Partnerships / Acquisitions

India OKs Facebook Subsidiary’s Acquisition Of Jio Platforms Share

India OKs Facebook Subsidiary's Acquisition Of Jio Platforms Share

The Competition Commission of India (CCI) has given the green light to the acquisition of a roughly 9.99 percent share of Jio Platforms by a newly formed subsidiary of Facebook called Jaadhu Holdings LLC. CCI said Jaadhu is a wholly-owned Facebook subsidiary, which was started in March of this year under Delaware state laws, according to a press release.

Jio Platforms owns and runs digital applications as well as possesses controlling investments in some entities. It also has all of Reliance Jio Infocomm Limited’s (RJIL) outstanding and issued share capital. RJIL is a licensed operator of communications systems, which services customers throughout India.

In April, news surfaced that Facebook closed a deal for a minority share in Reliance Jio, which would provide the social media platform with a bigger presence in India.

“This investment underscores our commitment to India and our excitement for the dramatic transformation that Jio has spurred in the country,” Facebook Vice President and Managing Director for India Ajit Mohan and Chief Revenue Officer David Fischer said in a Facebook blog post at the time.

But earlier in June, news surfaced that the CCI was probing Facebook’s acquisition of the stake in the digital assets of digital assets.
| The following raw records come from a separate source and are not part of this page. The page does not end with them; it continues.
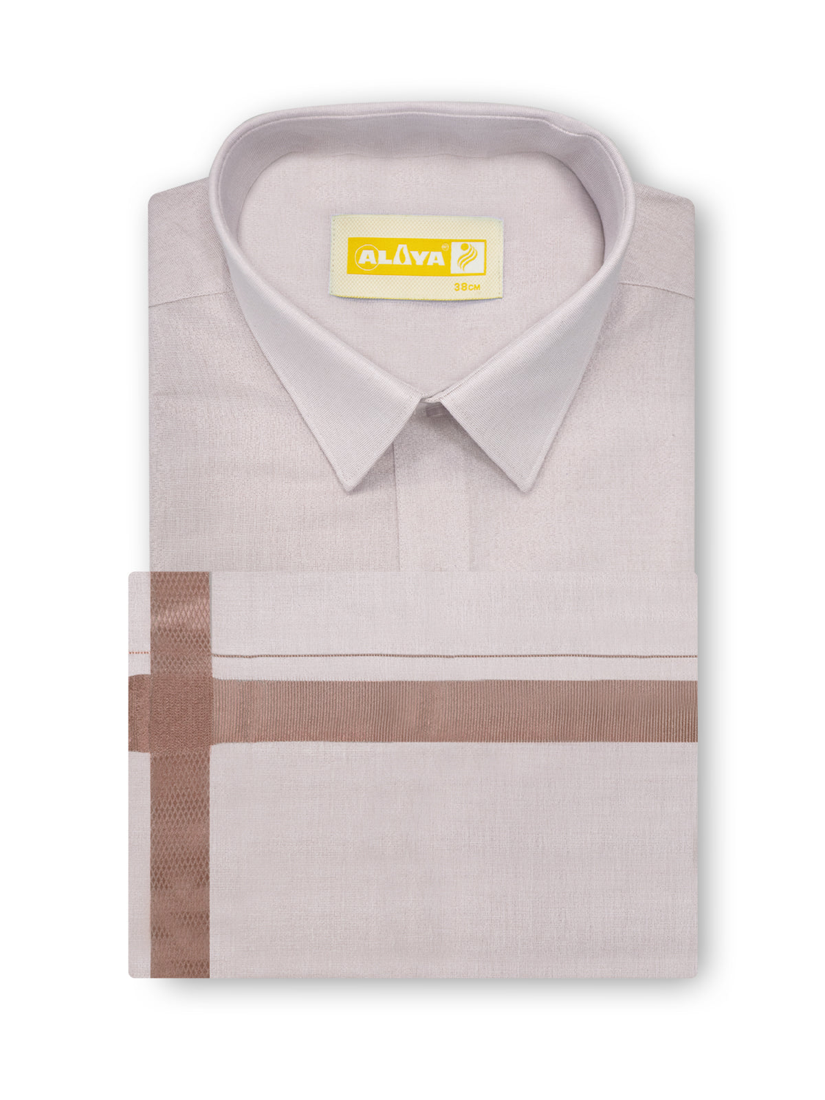 Grooms style and personality are defined by the wedding dress. Embrace your manliness with the Kondattam Grand Tissue Shirt & Dhoti Combo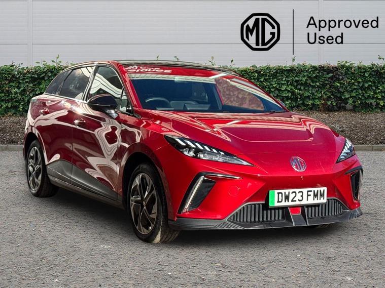 This 2023 MG MG4 Trophy Long Range electric vehicle presents an exceptional opportunity with only one owner and a remarkably low mileage of just 9680 miles. As a Trophy Long Range variant, this electric car boasts a substantial 64 kWh battery, offering a maximum range of 270 miles when new. Convenience is key with features like a wireless mobile phone charger, rear parking sensors for easier manoeuvring, and auto headlights that adjust to lighting conditions. You'll also appreciate the mobile phone Bluetooth key for seamless access and projector LED headlights with reflective technology for enhanced visibility.The MG4 Trophy Long Range stands out with its impressive battery capacity and a new range of 270 miles, indicating its capability for longer journeys. Its full charging time at home using a 7kW charger is approximately 10 hours, while rapid public charging can take you from empty to 80% in just 34 minutes, making it a practical choice for everyday use. Furthermore, this model offers a large boot space, providing ample room for luggage or shopping, further enhancing its practicality over similar vehicles..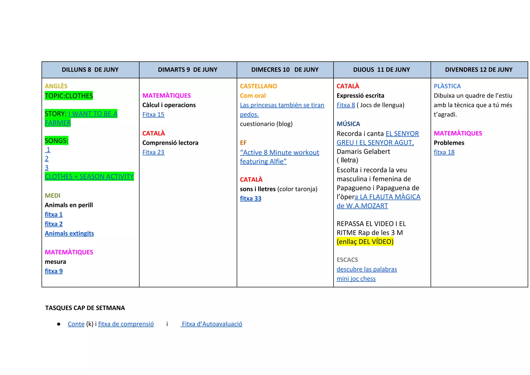 DILLUNS 8 DEJUNY DIMARTS 9 DE JUNY DIMECRES 10 DE JUNY DIJOUS 11 DE JUNY DIVENDRES 12 DE JUNY
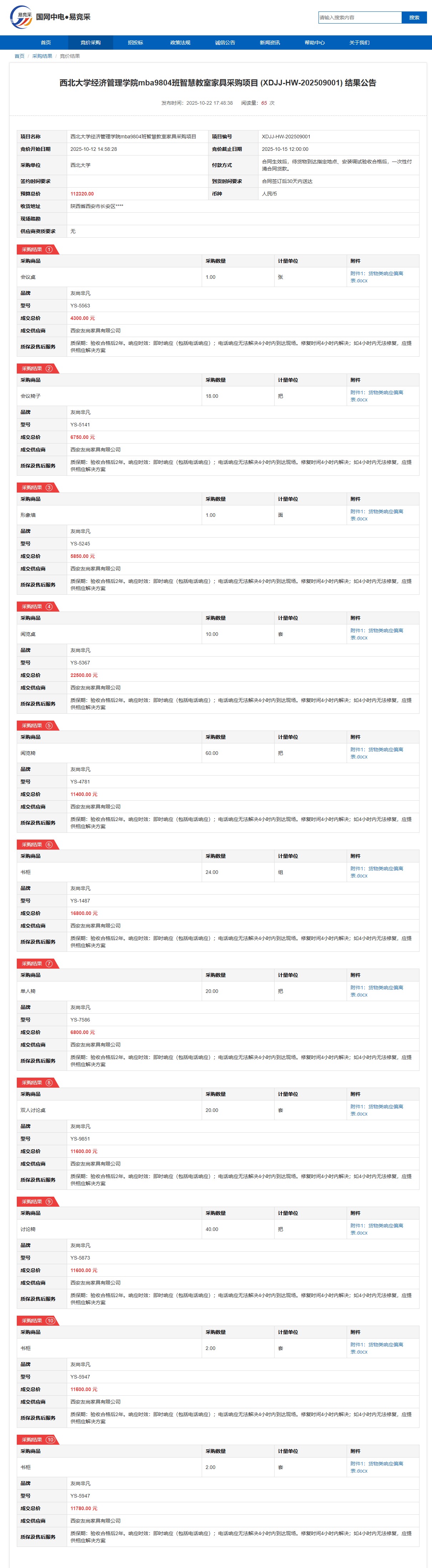 必赢3003no1线路检测中心经济管理学院mba9804班智慧教室家具采购项目(XDJJ-HW-202509001)竞价结果公告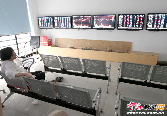 宁海新闻网讯 昨日下午,光大证券宁海营业部散户室里,一名股民正在观察显示屏上的股市行情变化。7月16日,股市又现百股跌停,108只跌停股中大多数为业绩地雷,引起了市场恐慌情绪的蔓延,股市显得冷冷清清。(记者姚亮摄)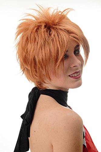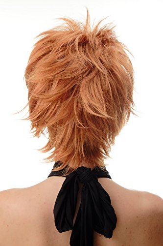Parrucca da donna corta pettinata in modo impertinente con ciocche scompigliate e cotonate, in un biondo ramato-ha qualcosa dello stile New Wave dei primi anni 80 e allo stesso tempo è sfacciata, fresca, allegra.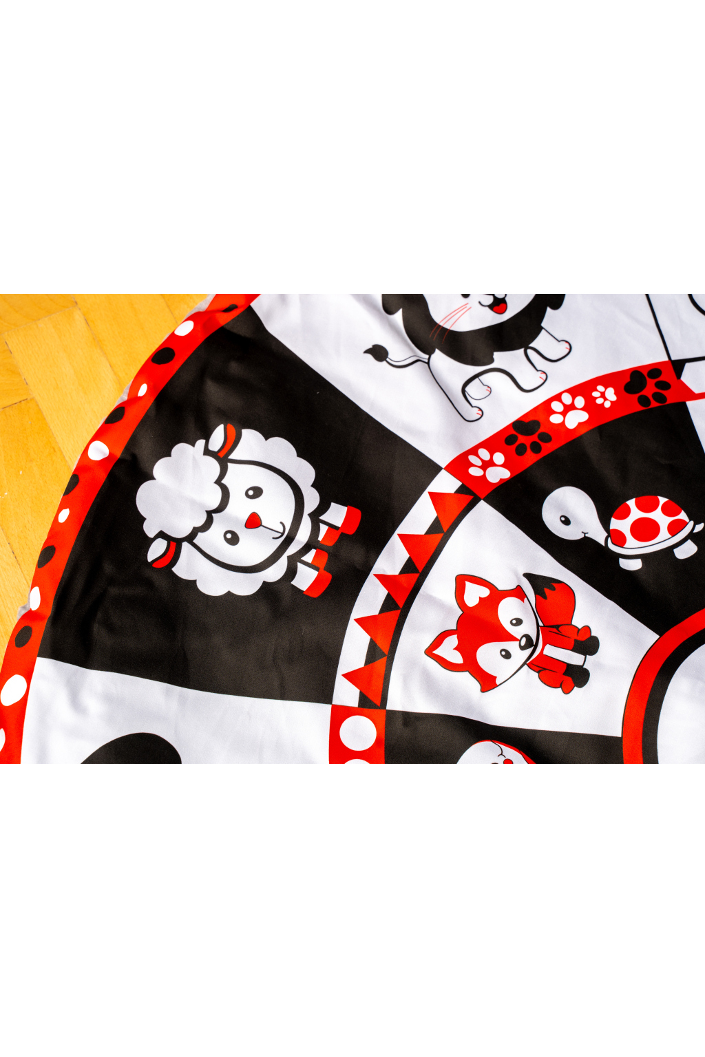 V samém středu této originální kulaté kontrastní deky sedí roztomilá beruška, která je obklopená celým světem zvířecích kamarádů. Kolem ní se v kruhu střídají zvířátka z lesa, statku i safari – lištička, ježeček, veverka, zajíček, želvička, kačenka, lvíček, žirafa, kočička, pejsek, kravička, koník, sloník, opička a další roztomilé postavičky.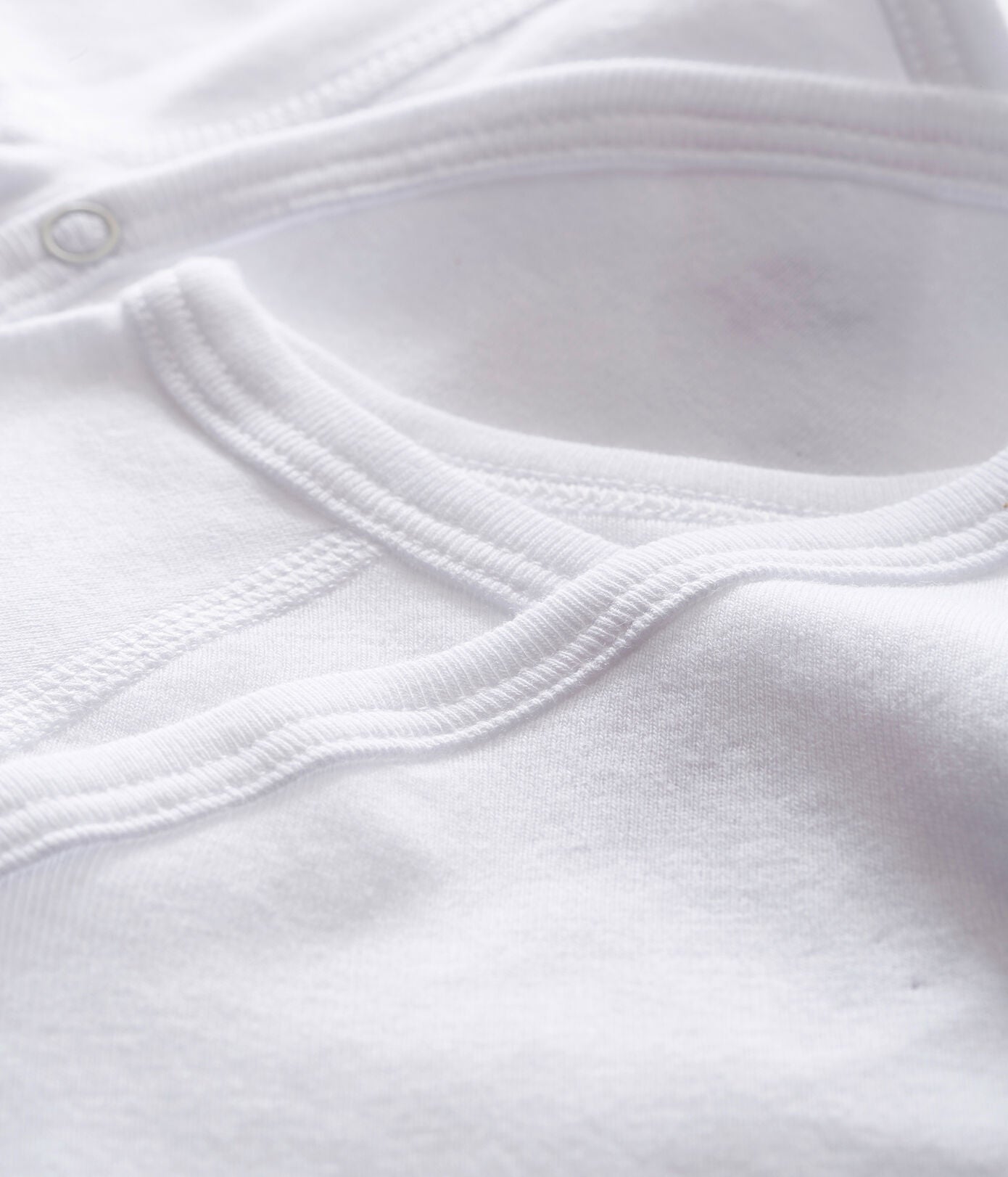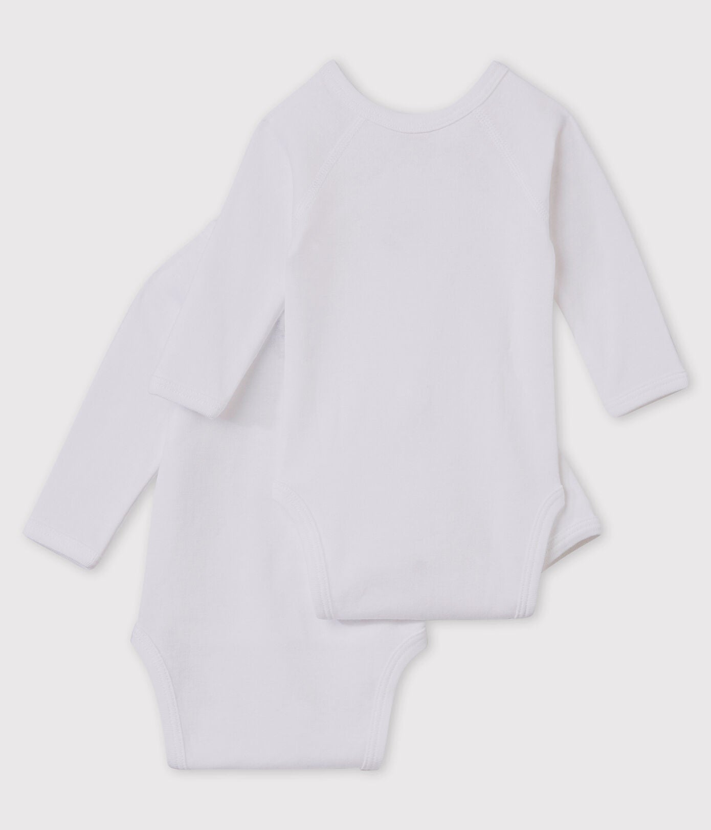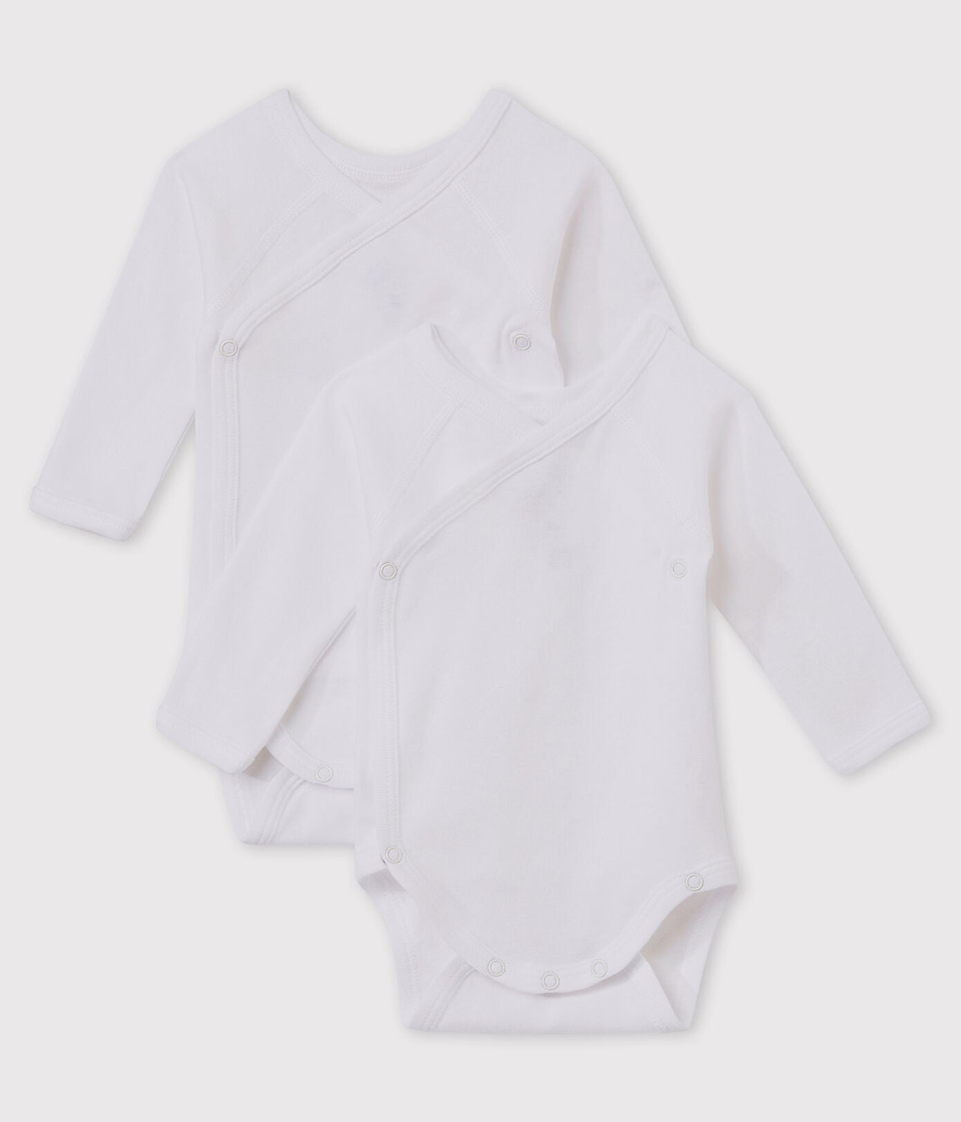 - 2 ribbed long-sleeved newborn bodysuits, in Petit Bateau's classic material.
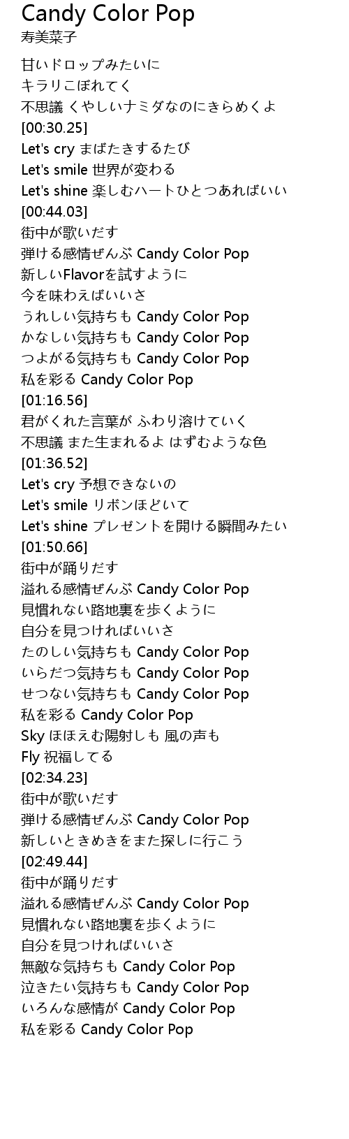 | [02:38.16] | 弾ける感情ぜんぶ Candy Color Pop |

Ashok Kumar Gupta, the chairman of the commission, said per reports that the panel’s function is to stop the misuse of information from occurring in all of the arrangements that it evaluates.

The job of the CCI is to uphold the Competition Act of India that forbids agreements that go against competition and corporations’ abuse of a leading standing as well as regulate mergers and acquisitions in addition to any kind of activity that could stymie competition in the country.

Gupta had said to the newswire that regulators were also mulling if new standards should be a part of its evaluation as some M&As fall outside of the minimums for scrutiny even is possible harm is evident.